There are three other conjugate subgroups to $H$ in $G$ (so the total conjugacy class size of subgroups is 4). The other subgroups are the subgroups fixing $\{ 1 \}$ , $\{ 2 \}$ , and $\{ 3 \}$ respectively.

The four conjugates are:

$\! H = H_4 = \{ (), (1,2), (1,3), (2,3), (1,2,3), (1,3,2) \}$

$\! H_1 = \{ (), (2,3), (3,4), (2,4), (2,3,4), (2,4,3) \}$

$\! H_2 = \{ (), (1,3), (3,4), (1,4), (1,3,4), (1,4,3) \}$

$\! H_3 = \{ (), (1,2), (2,4), (1,4), (1,2,4), (1,4,2) \}$

Cosets

There are four left cosets and four right cosets of each subgroup. Each left coset of a subgroup is a right coset of one of its conjugate subgroups. This gives a total of 16 subsets.
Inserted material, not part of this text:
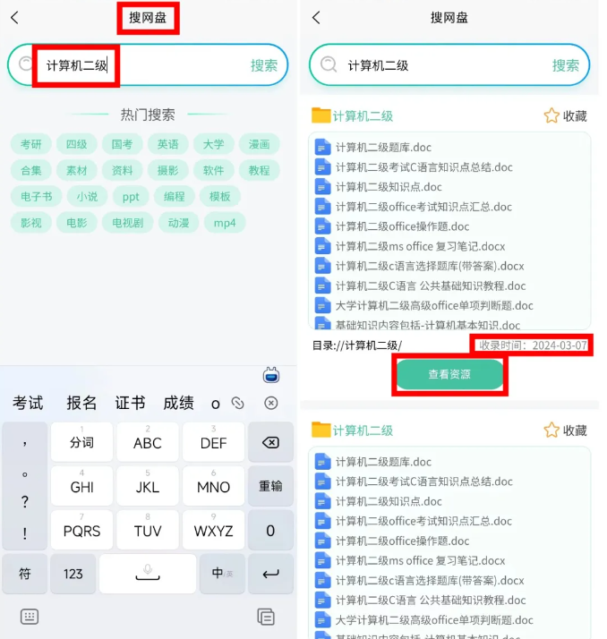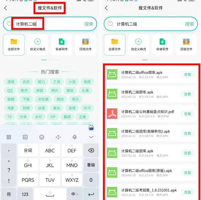 2、比如打开搜文件/软件,输入关键词后即可搜到对应的资源,顶部还可以限制资源类型,比如安卓软件、压缩文件、文档资料等等。

The cosets are parametrized by ordered pairs $(i,j) \in \{ 1,2,3,4 \} \times \{ 1,2,3,4 \}$ . The coset parametrized by $(i,j)$ is the set of all elements that send $i$ to $j$ . This is a left coset of $H_i$ and a right coset of $H_j$ .

Complements

There is a unique normal complement that is common to all the subgroups. This is the subgroup normal Klein four-subgroup of symmetric group:S4:

$\! K := \{ (), (1,2)(3,4), (1,3)(2,4), (1,4)(2,3) \}$

There is also a conjugacy class of subgroups each of which is a permutable complement to each of the $H_i$ s. These are cyclic four-subgroups of symmetric group:S4, and these are:

$\{ (), (1,2,3,4), (1,3)(2,4), (1,4,3,2) \}, \qquad \{ (), (1,3,2,4), (1,2)(3,4), (1,4,2,3) \}, \qquad \{ (), (1,2,4,3), (1,4)(2,3), (1,3,4,2) \}$

Note that the fact that these are permutable complements can be understood as a special case of Cayley's theorem. See also every group of given order is a permutable complement for symmetric groups, which says that any finite group of order $n$ is, via the Cayley embedding, a permutable complement to $S_{n-1}$ in $S_n$ .

Apart from these, each of the $H_i$ s has a number of lattice complements:

Any subgroup generated by double transposition in S4 is a lattice complement to each $H_i$ in the whole group. Thus, each $H_i$ has three such lattice complements.
For each $H_i$ , a subgroup of order three not contained in that $H_i$ is a lattice complement to it. Thus, each $H_i$ has three such lattice complements, because one of the four subgroups of order three is contained in that $H_i$ .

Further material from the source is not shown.